Земли в Каширском уезде получили также некоторые сподвижники Ивана III. В конце XV или в начале XVI в. поместьем здесь владел боярин Г.Ф. Хромого. В 1522 г. его поместье было пожаловано новому владельцу Ф.Г. Хмырову. Писцовая книга конца 1570-х гг. говорит об одной из церквей Ростовского стана как о поставлении М.Я. Русалки, дворецкого конца XV в.[570]
Вероятно, поместьями здесь владел «наивышший» московский воевода князь И.Ю. Патрикеев. При перечислении «серебра на руках» в его завещании встречается село «на Безпуте на Иванкове», а также владения Пилюгино и Сидоровское. Эти владения не передавались по завещанию сыновьям и жене.
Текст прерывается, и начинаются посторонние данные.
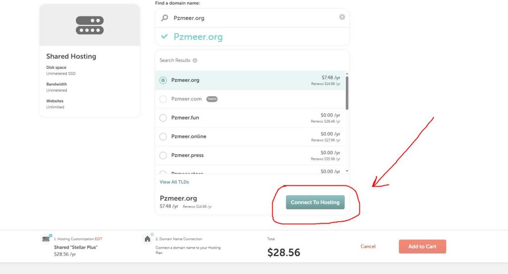 Step 3: Select ‘New Domain Name’ and ‘New Purchase’, enter your desired domain name, click ‘Find a domain name’, then select ‘Connect to hosting’ and add to cart.
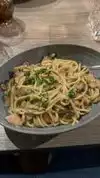 Went in for a quick bite. Ordered the Carbonara. Sadly, this carbonara was slightly warm, and was made with cream. Carbonara isn’t made with cream 🤷🏻♀️ It also had garlic in it. Super disappointed considering it was highly rated for the Carbonara.
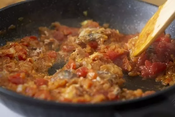 3、レンジで火を通した玉ネギ、水気を切ったサバ缶と、カットトマト缶を加える。サバをほぐしながら水分を飛ばすように中火で5分ほど炒める。
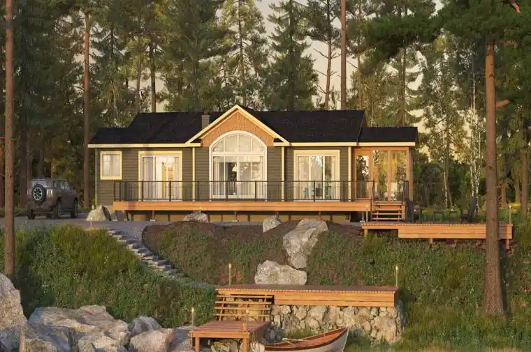 The Bala LE is the perfect vacation home or family cottage, thoughtfully designed to make the most of every square inch. A gallery-style kitchen flows seamlessly into the open-concept dining and living areas, creating a bright, inviting space ideal for entertaining or relaxing. Three comfortable bedrooms and two full baths provide plenty of room for family and guests. Cathedral ceilings with rich wooden beams and panel details capture the charm of a classic cottage, while modern finishes bring it firmly into the present.

Село Иванково и прилегающие к нему деревни Сидоровская и Пилюгино возле речки Безпута позднее входили в состав дворцовых владений Каширского уезда[571].
Некоторые послужильцы из завещания этого вельможи стали родоначальниками каширских служилых фамилий. Определенно связь прослеживается между И. Трубником и Ф. Трубником А. Хинскими, известными среди «людей» в завещании И.Ю. Патрикеева, и каширскими помещиками Хинскими. Третьяк, Богдан и Тропа Федоровы Хинские фигурировали в десятне 1556 г. Писцовая книга конца 1570-х гг. знает сына Третьяка – Василия Третьякова Трубникова Хинского. Еще одному помещику – Дорше Хинскому – принадлежала деревня Трубниково. Сыном Орефы Дмитриева Родичева был Семен Орефов Родвучев, встречавшийся в десятне 1556 г. Ключниками (холопами) князя И.Ю. Патрикеева «на Безпуте» были Гридя и Андрейка Страховы. Позднее семья Страховых известна среди каширских детей боярских[572].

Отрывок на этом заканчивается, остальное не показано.